This week's Sunday Guardian column.
In the beginning was the title and it was The Childhood of Jesus, and those who
looked upon it saw that it was a light that illuminates the new novel by J.M.
Coetzee.
And though many of Coetzee’s earlier titles are terse
(Boyhood, Youth, Disgrace), some are resonant
(Waiting for the Barbarians) and some
ironically apt (Foe). But the name of
his new work is both simple and skilful.
For once again Coetzee puts aside autobiography and
anti-fiction and returns to allegory, using a simple style that reaches the
realm of parable. All of which is entirely fitting, given his subject. And in
the novel, the characters of the middle-aged Simón and his five-year-old ward
David arrive in the township of Novilla in an unnamed country in a quest for
David’s missing mother.
And Simon discovers that Novilla is governed by
rules different from those he’s known before. Daily allowances and accommodation
are freely available and residents are driven by kinship, not competition. As
he’s told: “People here have washed themselves clean of old ties. You should be
doing the same: letting go of old attachments, not pursuing them”.

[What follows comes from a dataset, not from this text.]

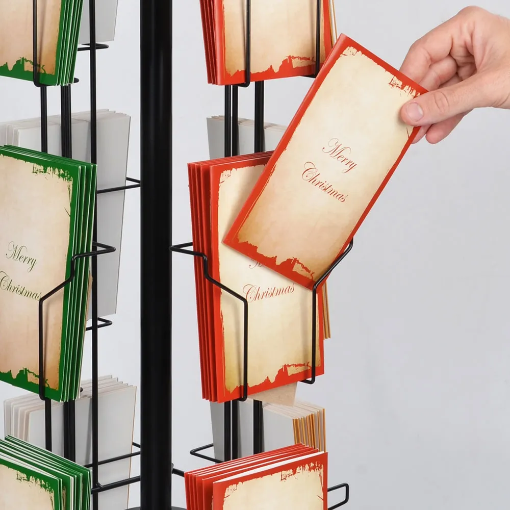 - Countertop greeting card display has (12) total pockets on (4) sides!

And the spirit of Kafka moves upon the early part of
the book as man and boy try to make sense of the egalitarian yet bureaucratic
nature of their new world. Given that the citizens speak Spanish, it could well
be that Cuba was what Coetzee had in mind.

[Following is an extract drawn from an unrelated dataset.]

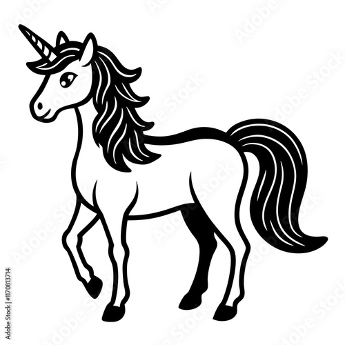 Cute Silhouette of a Unicorn line art vector cartoon illustration
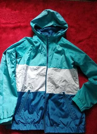 Легенька вітровка балонова без підкладки.Розмір М.Довжина 61рукав,71, груди 50.Капішон не знімається

It comes to pass that Simón finds work as a
stevedore, then meets a strange woman named Inés, whom he instinctively feels
will make a good mother to David. And Inés takes over maternal duties towards
the boy who is described as magical on more than one occasion, and both decide
to nurture his other-worldly qualities.
And Coetzee gives names to his characters that are
as significant as his title. Simon is also the first name of the Apostle Peter,
the so-called rock upon which Jesus built his church; Inés comes from the Greek
for “holy”, and she is described as “the virginal type”; and David is mentioned
in the gospels as an ancestor of Jesus.
Now, while the writing style is simple, what it
contains can be subversive. A neighbour’s son is called Fidel and a faithful
dog answers to Bolivar. For the Latin American Liberator’s first name was Simón, too. And David is inspired by reading Don Quixote – written by a “man named Benengeli” -- especially the
knight-errant’s habit of mistaking the objects of his imagination for reality.

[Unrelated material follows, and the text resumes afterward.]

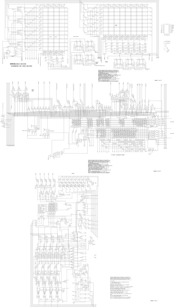 El Intel 4004 fue el primer microprocesador en un chip y el primero en estar comercialmente disponible. Se trata de una CPU de 4 bits. Algunos de sus diagramas de diseño se muestran a continuación.

And to further drive home the point, there are
loaves, fishes and a sinister Senor Daga who tries to lead David into
temptation. Though there is also much that seems inspired by Buddhism. The
benevolent residents of Novilla philosophise freely, and have the habit of uttering
statements such as: “This endless dissatisfaction, this yearning for the
something-more that is missing, is a way of thinking we are well rid of.”
But there are also moments of great peculiarity,
such as a discussion with David on the one-ness of human excreta: “Once it gets
into the sewer pipes it is no one’s poo…it joins all the other people’s poo and
becomes general poo”. Later on, there’s
an invisibility cloak, which strikes an incongruous, Potter-ish note in a novel
such as this.
And having finished the book, one recalls the first
chapter of Elizabeth Costello in
which Coetzee writes that novels of realism aren’t the best way to put forward
ideas, because such ideas have to be embodied in characters.Which could explain
the writer’s attraction to the allegory, a form that yokes together idea and
character.
Verily, with The
Childhood of Jesus, Coetzee offers an ingenious reassembly of the roots of
one of the world’s dominant religions. The new Pope ought to read it.